С каждым воплем ее крики становились все громче и громче, невольно привлекая внимание не только соседей по столикам, но и публики в вип-зоне, а также официантов. Несомненно, что и охранники, бдящие возле камер видеонаблюдений, тоже навострили уши — полет протекал в штатном режиме, скучно, и подобное развлечение пропустить никому не хотелось. В иное время капитан сам бы с удовольствием прильнул к экрану, но сейчас его сделали главным героем этого реалити-шоу. Что для военного его класса неприемлемо.
— Госпожа… хм… Перламутровая, — он еле дождался, пока в ее экспрессивном монологе появится пауза, — не соблаговолите ли вы объяснить, чем вызвана ваша столь… бурная реакция?
Она несколько раз глотнула воздуха, щелчком пальцев подозвала официанта, выхватила у него с подноса бокал с каким-то напитком — тот нес его к соседнему столику, но не посмел ослушаться — в два глотка осушила, с милой улыбкой вернула пустой бокал и отчеканила, от негодования то и дело сбиваясь на прозу:
— Вы назвали меня «писательницей»! Даже не писателем, увы! Вы разум брали у кого взаймы? Вы подчеркнуть осмелились мой пол! Унизить вы меня хотели этим! Серьезней оскорбления на свете я не слыхала. Никогда! Я не прозаик — слышите? — презренный! Слагать стихи — высокое искусство, не каждому оно дается в жизни, а прозой говорить умеют все! И даже вы, обычный человек, со мною изъясняетесь презренной прозой! — палец с накладным ногтем, украшенным стразами и росписью, уперся капитану прямо напротив сердца с такой точностью, словно великая Бриллиантина Перламутровая в юности работала наемным убийцей. Он даже вздрогнул.

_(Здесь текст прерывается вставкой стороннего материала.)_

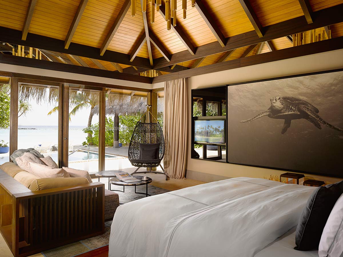 海洋泳池别墅位于岛屿的尖端,拥有得天独厚的私密性,双卧水上屋装饰着传统风格茅草,居住空间充满精心打造的典雅元素。用餐区占据房屋的中央位置,两间宽敞的浴室配备循环浴缸,卧室的装修风格十分典雅,无论置身何地,都能看见海洋的身影。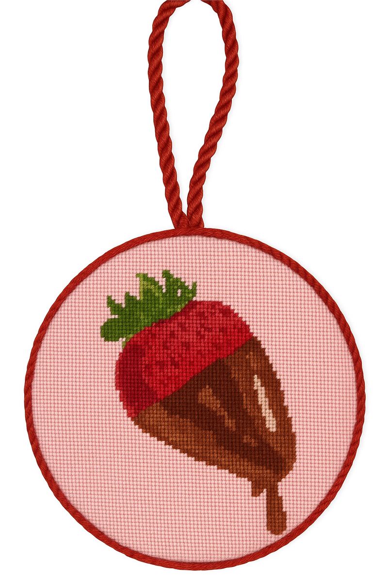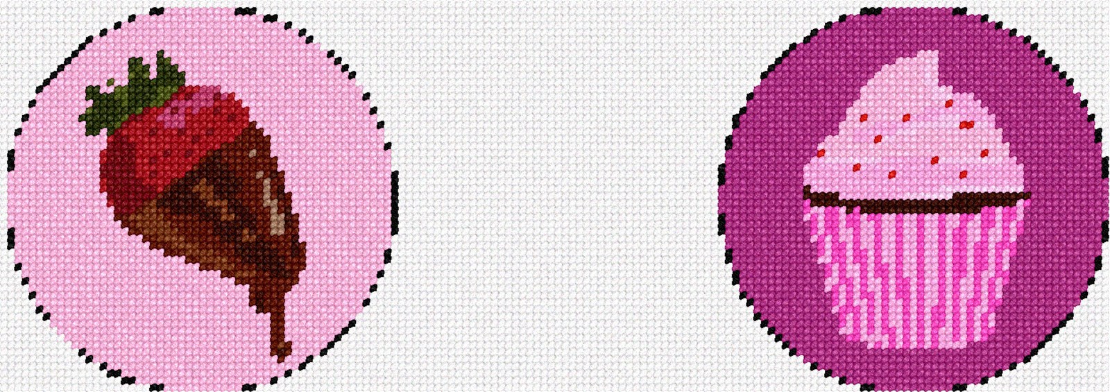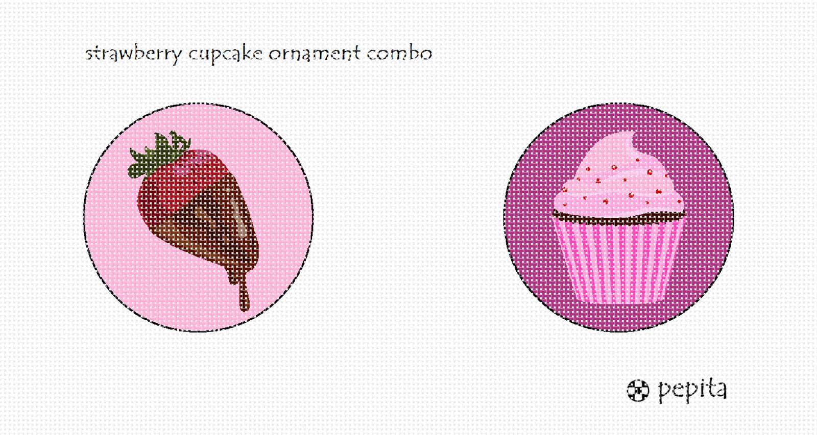 New! Pepita now designs ornaments. These are paired and sold as a set. This one has an chocolate dipped strawberry ornament and a strawberry cupcake ornament. Stitch two for the price of one. 18 mesh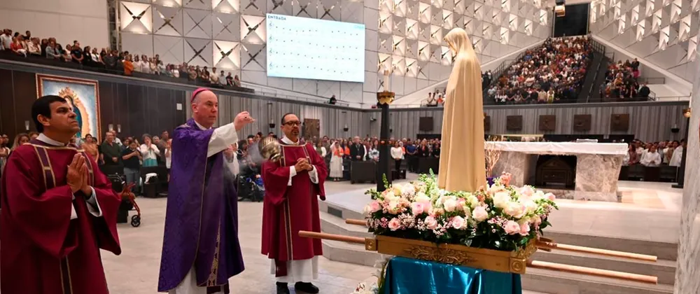 As imagens do evento revelam a grandiosidade da assembleia e a proximidade dos fiéis com Nossa Senhora, em um ambiente que une a modernidade arquitetônica da catedral ao fervor tradicional da fé católica.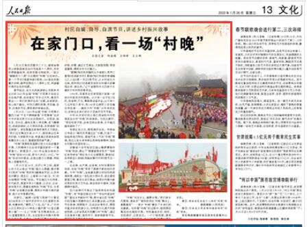 1月25日至26日,農(nóng)歷小年之際,國家公共文化云推出“村晚”接力云展播,集中展示《我的“村晚”我的年》融媒體節(jié)目,以及來自內(nèi)蒙古、黑龍江、上海等20個?。▍^(qū)、市)的30場精彩“村晚”活動。節(jié)目通過文化傳承、時代新風(fēng)、展望未來3個篇章,以訪談、互動、游戲等方式,展播各地特色“村晚”節(jié)目、分享“村晚”臺前幕后故事、展現(xiàn)鄉(xiāng)村振興美好畫卷、推介鄉(xiāng)村美景好物。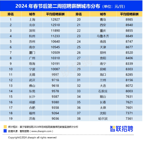 统计显示,春节后第二周,上海、北京、深圳、杭州、苏州五大城市,继续稳居平均招聘薪酬榜前五。其中,上海以12927元/月排名第一,北京、深圳、杭州、苏州平均招聘薪酬分别为12510元/月、11890元/月、11233元/月、10640元/月。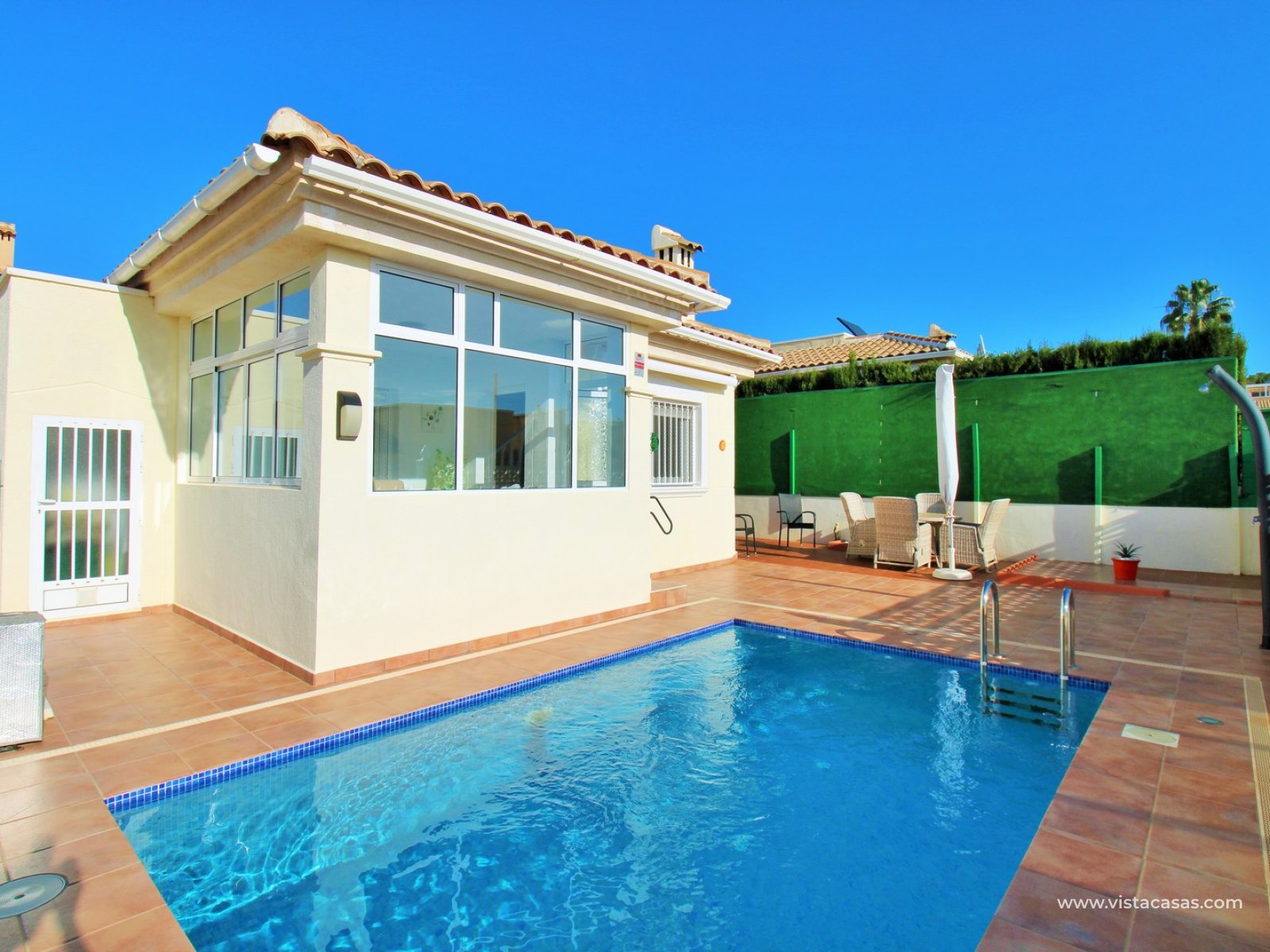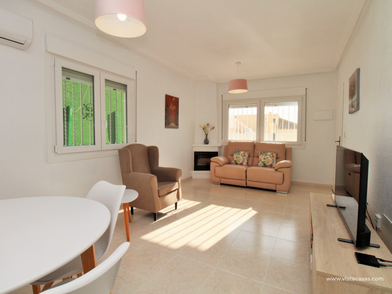 Extra’s zijn onder andere nieuwe airconditioning units, PVC ramen met dubbel glas, kantel-draaisysteem en zonwering, horren, en de woning wordt gedeeltelijk gemeubileerd verkocht. De villa maakt deel uit van een goed onderhouden gemeenschap met toegang tot een groot gemeenschappelijk zwembad in de nabijheid.

— Прошу меня извинить. Вы правы, мы тут на службе совсем…э-э…зачерствели! — промолвил он, про себя клянясь во что бы то ни стало уничтожить все записи этой беседы со всех камер видеонаблюдения.
Бриллиантина Перламутровая смерила мужчину долгим взглядом, скривилась, но все-таки произнесла:
— Прощение даровано!
— Но в таком случае, может быть, вы разъясните это досадное недоразумение? Дело в том, что на борту «Ордена…» еще никогда не было особ такого… уровня.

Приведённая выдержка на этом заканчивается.